Your proof of II is flawed: it is not the case that x < epsilon/2 implies floor(1/x) is at least 2/epsilon for sufficiently small epsilon. You can conclude, however, that floor(1/x) is at least 2/epsilon - 1, which is at least 3/2epsilon (say) for epsilon small enough. Algebraist 11:05, 13 May 2008 (UTC)[reply]

Revised Proof of Fact II[edit]

Algebraist, you are absolutely right. I just said the opposite of what is true. So here is the revised proof.

Proof:Let $\epsilon >0$ be given and then let $\delta =\epsilon /2$ .

$x-0<\delta$

$\Rightarrow x<\delta$

$\Rightarrow x<\epsilon /2$

$\Rightarrow 1/x>2/\epsilon$

$\Rightarrow {\frac {1}{x}}-1>{\frac {2}{\epsilon }}-1$

$\Rightarrow [1/x]>{\frac {1}{x}}-1>{\frac {2}{\epsilon }}-1={\frac {2-\epsilon }{\epsilon }}$

$\Rightarrow [1/x]^{-1}<{\frac {\epsilon }{2-\epsilon }}<\epsilon$ because $\forall \epsilon <1$ we have that $2-\epsilon >1$

$\Rightarrow f(x)<\epsilon$

$\Rightarrow f(x)-0<\epsilon$

$\therefore \lim _{x\rightarrow 0^{+}}f(x)=f(0^{+})=f(0)=0$

Fact IV[edit]

Here is another thing I thought of. I will try to prove that $2x\geq f(x)\geq x$ for all $x\in [0,1]$ .

Proof:
First, let {x}=x-[x] be the fractional part of a real number x.
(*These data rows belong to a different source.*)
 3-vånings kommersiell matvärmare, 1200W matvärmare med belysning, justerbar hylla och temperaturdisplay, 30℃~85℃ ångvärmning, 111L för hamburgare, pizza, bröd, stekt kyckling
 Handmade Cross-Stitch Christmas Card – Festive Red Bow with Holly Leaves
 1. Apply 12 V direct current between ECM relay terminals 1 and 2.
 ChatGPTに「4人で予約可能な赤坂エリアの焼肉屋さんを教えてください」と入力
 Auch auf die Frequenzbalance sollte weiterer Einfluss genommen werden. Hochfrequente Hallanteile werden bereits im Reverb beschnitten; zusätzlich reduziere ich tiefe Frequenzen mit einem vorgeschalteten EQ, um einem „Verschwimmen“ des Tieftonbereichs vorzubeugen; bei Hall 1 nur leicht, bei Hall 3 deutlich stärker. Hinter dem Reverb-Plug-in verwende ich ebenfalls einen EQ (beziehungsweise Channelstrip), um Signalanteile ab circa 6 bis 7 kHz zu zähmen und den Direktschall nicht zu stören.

Now we have that for all $x\in \mathbb {R} ,\exists ![x]$ and $\{x\}$ such that $x=[x]+\{x\}$ and $0\leq \{x\}<1$ .

Now let us consider all $y\in \mathbb {R}$ such that $y\geq 1$ .

We now have that $y=[y]+\{y\}<[y]+[y]=2[y]$ .

$\Rightarrow y<2[y]\Rightarrow y/2<[y]$

$\Rightarrow {\frac {1}{2x}}<[1/x]$ for all $x\in [0,1]$

and using the fact that $[y]\leq y$ for all $y\Rightarrow {\frac {1}{2x}}<[1/x]\leq {\frac {1}{x}}$

$\Rightarrow 2x>[1/x]^{-1}\geq x$

$\Rightarrow 2x>f(x)\geq x$

and then using the squeeze theorem, I can show that the limit of f(x) from the right as x goes to zero is indeed zero and this function is most definitely not unbounded in [0,1]. I think that after these four facts combined, there is no question that f(x) is bounded and Riemann integrable in [0,1].

Fact V[edit]

In fact, we can also find the exact value of the integral as follows:

Since, the function as a jump discontinuity at every unit fraction, with 1/2 being the first one from the left as x goes to zero, and in between two consecutive unit fractions, the function is constant

(i.e. $f(x)={\frac {1}{n}}{\text{ for }}x\in \left({\frac {1}{n+1}},{\frac {1}{n}}\right]{\text{ for all }}n\in \mathbb {N}$ ), we can just find the area underneath the curve by drawing rectangles

with length ${\frac {1}{n}}-{\frac {1}{n+1}}$ with height ${\frac {1}{n}}$ and then add up the areas of all such rectangles.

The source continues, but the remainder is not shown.